If you are drawn to belly dance for its flowing, poetic elegance more than for its rhythmic shaking of the hips, you will absolutely love muwashah dance!
Muwashahat (also spelled muwashshahat) is the plural of muwashah (also spelled muwashshah), which is a genre of Arabic poetry in musical form that dates back to 10th century Moorish Spain (Al-Andalus)! Today, these traditions are still popular in Morocco, Tunisia, Algeria, Syria and Lebanon.
There is no reference for how people danced to this type of music back then, but in the 1970's the famous Egyptian choreographer Mahmoud Reda presented the muwashah as a dance spectacle on a stage for the first time in modern history. He invented this new genre of dance by imagining how the rhythmic patterns and lyrics in this type of music should be expressed, while adhering to Middle Eastern aesthetics and cultural norms.

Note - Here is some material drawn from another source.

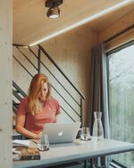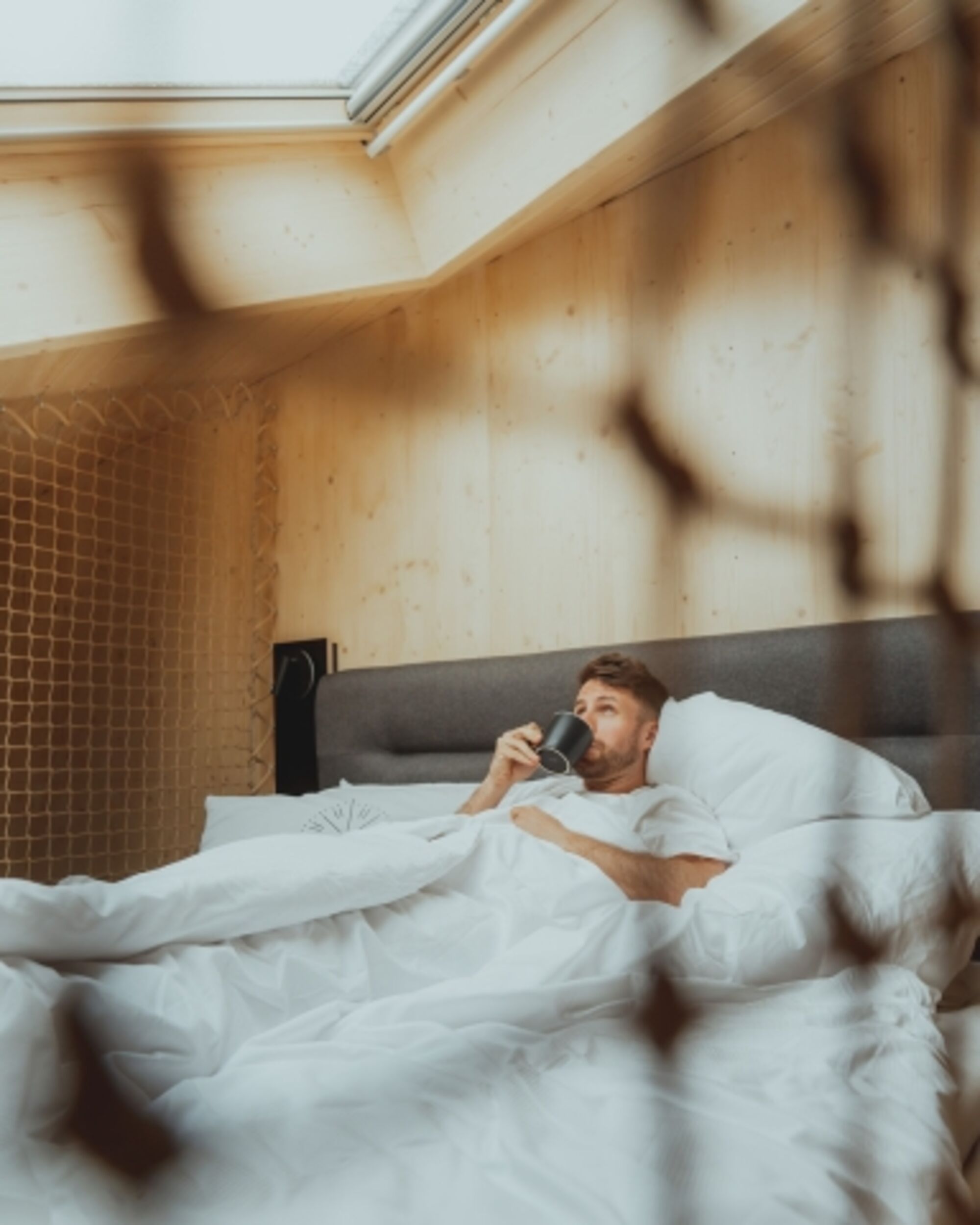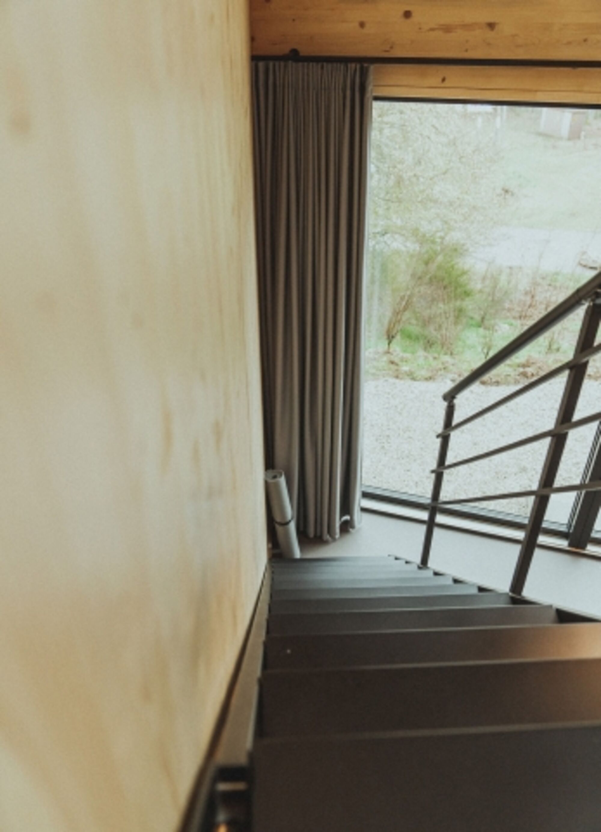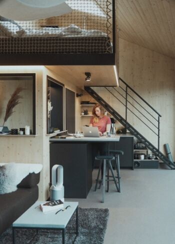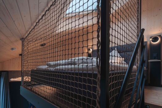Über eine Treppe gelangen Sie zur gemütlichen Schlafempore, wo dank großem Dachfenster weitere Naturspektakel auf Sie warten: Wolken- oder Sternenbeobachtungen vom Bett aus.

Watch this video of one of Reda's famous muwashah choreographies (performed by Nesma Al-Andalus Company in 2011) to get a sense for what this type of music and dance sounds and looks like:
Mahmoud Reda has been one of the most influential figures in Middle Eastern dance, famous for his stage adaptations of various Arab folkloric and social dances. The dance steps, traditions and methodologies he created are still popular among belly dance performers, teachers and choreographers today!
When you watch this video, do you notice similar steps and movements to those seen in belly dance? What are some elements and characteristics that are different, and unique to this dance?